* [Information shown]
......
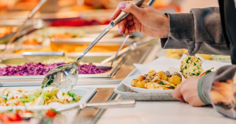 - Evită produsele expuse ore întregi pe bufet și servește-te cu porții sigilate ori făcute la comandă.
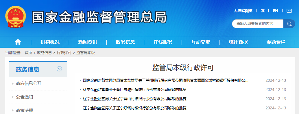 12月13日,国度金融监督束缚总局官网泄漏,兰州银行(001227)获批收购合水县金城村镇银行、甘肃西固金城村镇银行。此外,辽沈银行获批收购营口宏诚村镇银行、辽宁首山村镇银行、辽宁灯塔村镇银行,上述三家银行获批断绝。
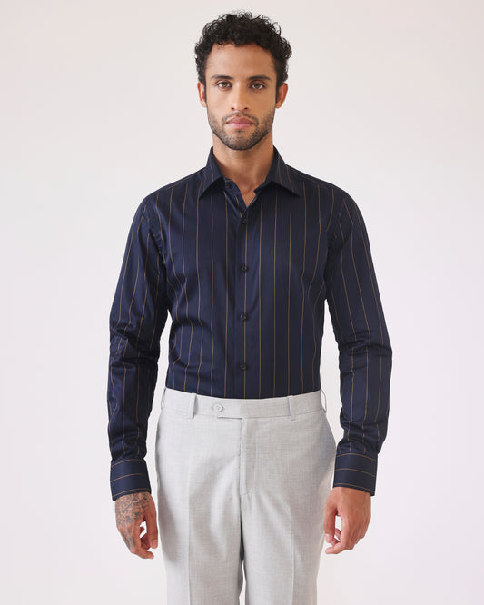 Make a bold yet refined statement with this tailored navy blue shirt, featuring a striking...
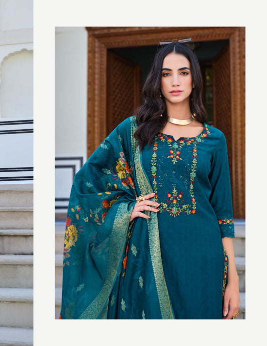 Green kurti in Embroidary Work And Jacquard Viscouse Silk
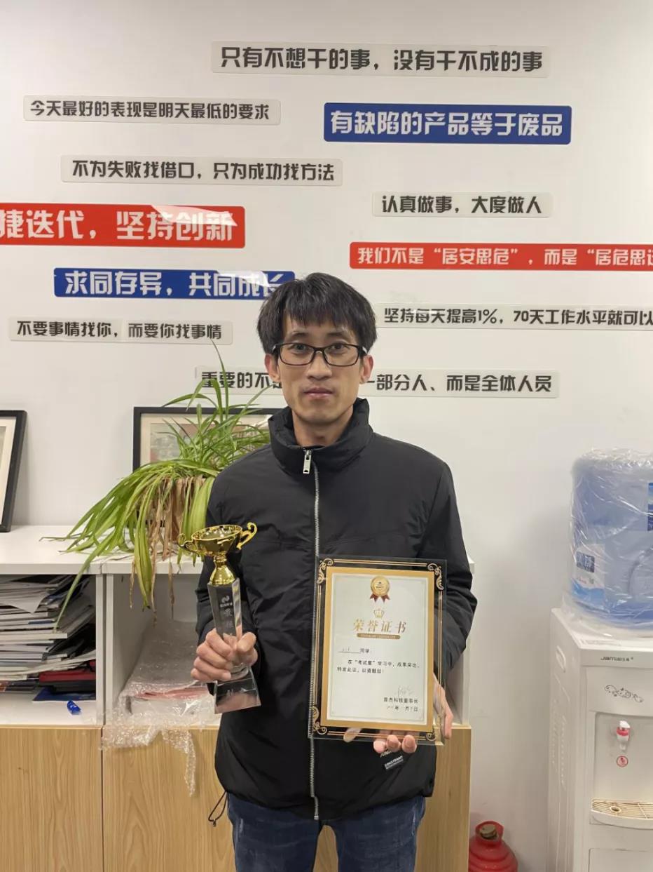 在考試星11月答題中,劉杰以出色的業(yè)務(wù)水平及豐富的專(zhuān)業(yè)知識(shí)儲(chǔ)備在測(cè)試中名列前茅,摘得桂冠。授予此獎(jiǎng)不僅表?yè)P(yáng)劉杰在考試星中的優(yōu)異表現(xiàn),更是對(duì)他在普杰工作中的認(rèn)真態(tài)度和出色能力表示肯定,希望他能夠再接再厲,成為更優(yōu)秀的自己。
......
* [The task] The expected output is the full material above, unaltered, with pictures removed.

* [Solution for this exercise]
 - Evită produsele expuse ore întregi pe bufet și servește-te cu porții sigilate ori făcute la comandă.
 12月13日,国度金融监督束缚总局官网泄漏,兰州银行(001227)获批收购合水县金城村镇银行、甘肃西固金城村镇银行。此外,辽沈银行获批收购营口宏诚村镇银行、辽宁首山村镇银行、辽宁灯塔村镇银行,上述三家银行获批断绝。
 Make a bold yet refined statement with this tailored navy blue shirt, featuring a striking...
 Green kurti in Embroidary Work And Jacquard Viscouse Silk
 在考試星11月答題中,劉杰以出色的業(yè)務(wù)水平及豐富的專(zhuān)業(yè)知識(shí)儲(chǔ)備在測(cè)試中名列前茅,摘得桂冠。授予此獎(jiǎng)不僅表?yè)P(yáng)劉杰在考試星中的優(yōu)異表現(xiàn),更是對(duì)他在普杰工作中的認(rèn)真態(tài)度和出色能力表示肯定,希望他能夠再接再厲,成為更優(yōu)秀的自己。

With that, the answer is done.